→ **TASK PROMPT**
Everything from the first line of the records to the line containing "2 in 1 Kitchen", inclusive, is to be extracted exactly, and nothing more.

--------------------------------------------------

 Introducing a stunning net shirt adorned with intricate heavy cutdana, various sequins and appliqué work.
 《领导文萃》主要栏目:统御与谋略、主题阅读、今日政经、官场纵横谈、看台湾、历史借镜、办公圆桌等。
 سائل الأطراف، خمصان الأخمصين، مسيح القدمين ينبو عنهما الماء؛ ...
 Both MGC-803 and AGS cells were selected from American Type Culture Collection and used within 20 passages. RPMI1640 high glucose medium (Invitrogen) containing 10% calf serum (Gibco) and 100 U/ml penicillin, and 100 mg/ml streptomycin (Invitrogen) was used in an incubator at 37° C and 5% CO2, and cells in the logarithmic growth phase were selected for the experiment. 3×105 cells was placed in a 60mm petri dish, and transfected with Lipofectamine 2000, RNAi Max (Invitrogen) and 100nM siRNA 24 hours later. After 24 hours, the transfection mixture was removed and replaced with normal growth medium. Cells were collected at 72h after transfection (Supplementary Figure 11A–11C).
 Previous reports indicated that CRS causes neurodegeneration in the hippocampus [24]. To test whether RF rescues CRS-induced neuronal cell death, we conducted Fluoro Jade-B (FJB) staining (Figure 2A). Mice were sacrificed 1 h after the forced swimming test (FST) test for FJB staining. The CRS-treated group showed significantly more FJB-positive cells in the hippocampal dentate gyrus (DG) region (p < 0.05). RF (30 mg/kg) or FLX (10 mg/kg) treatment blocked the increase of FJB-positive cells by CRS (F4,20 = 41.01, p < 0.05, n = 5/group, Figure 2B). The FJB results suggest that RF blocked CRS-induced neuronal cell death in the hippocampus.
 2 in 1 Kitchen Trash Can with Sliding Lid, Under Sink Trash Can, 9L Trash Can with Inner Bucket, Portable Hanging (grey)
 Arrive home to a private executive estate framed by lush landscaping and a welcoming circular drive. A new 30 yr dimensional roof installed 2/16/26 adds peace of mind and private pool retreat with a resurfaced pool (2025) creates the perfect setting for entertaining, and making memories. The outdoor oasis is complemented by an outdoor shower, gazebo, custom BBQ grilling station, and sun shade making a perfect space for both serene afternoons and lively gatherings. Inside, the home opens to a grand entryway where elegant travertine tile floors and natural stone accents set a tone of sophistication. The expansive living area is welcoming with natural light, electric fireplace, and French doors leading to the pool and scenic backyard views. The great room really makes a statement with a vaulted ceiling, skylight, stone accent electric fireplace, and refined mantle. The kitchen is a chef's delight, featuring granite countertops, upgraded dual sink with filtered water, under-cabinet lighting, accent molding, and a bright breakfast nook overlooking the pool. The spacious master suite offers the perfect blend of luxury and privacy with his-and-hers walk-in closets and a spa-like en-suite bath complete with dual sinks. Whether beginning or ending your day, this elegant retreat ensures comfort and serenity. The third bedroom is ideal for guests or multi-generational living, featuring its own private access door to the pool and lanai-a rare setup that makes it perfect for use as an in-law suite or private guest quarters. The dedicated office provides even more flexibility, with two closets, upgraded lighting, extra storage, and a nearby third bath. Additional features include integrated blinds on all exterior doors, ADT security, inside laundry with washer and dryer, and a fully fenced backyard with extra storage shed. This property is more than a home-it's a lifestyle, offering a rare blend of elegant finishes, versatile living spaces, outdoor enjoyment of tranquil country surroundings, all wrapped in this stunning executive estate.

--------------------------------------------------

→ **RESPONSE AREA**
 Introducing a stunning net shirt adorned with intricate heavy cutdana, various sequins and appliqué work.
 《领导文萃》主要栏目:统御与谋略、主题阅读、今日政经、官场纵横谈、看台湾、历史借镜、办公圆桌等。
 سائل الأطراف، خمصان الأخمصين، مسيح القدمين ينبو عنهما الماء؛ ...
 Both MGC-803 and AGS cells were selected from American Type Culture Collection and used within 20 passages. RPMI1640 high glucose medium (Invitrogen) containing 10% calf serum (Gibco) and 100 U/ml penicillin, and 100 mg/ml streptomycin (Invitrogen) was used in an incubator at 37° C and 5% CO2, and cells in the logarithmic growth phase were selected for the experiment. 3×105 cells was placed in a 60mm petri dish, and transfected with Lipofectamine 2000, RNAi Max (Invitrogen) and 100nM siRNA 24 hours later. After 24 hours, the transfection mixture was removed and replaced with normal growth medium. Cells were collected at 72h after transfection (Supplementary Figure 11A–11C).
 Previous reports indicated that CRS causes neurodegeneration in the hippocampus [24]. To test whether RF rescues CRS-induced neuronal cell death, we conducted Fluoro Jade-B (FJB) staining (Figure 2A). Mice were sacrificed 1 h after the forced swimming test (FST) test for FJB staining. The CRS-treated group showed significantly more FJB-positive cells in the hippocampal dentate gyrus (DG) region (p < 0.05). RF (30 mg/kg) or FLX (10 mg/kg) treatment blocked the increase of FJB-positive cells by CRS (F4,20 = 41.01, p < 0.05, n = 5/group, Figure 2B). The FJB results suggest that RF blocked CRS-induced neuronal cell death in the hippocampus.
 2 in 1 Kitchen Trash Can with Sliding Lid, Under Sink Trash Can, 9L Trash Can with Inner Bucket, Portable Hanging (grey)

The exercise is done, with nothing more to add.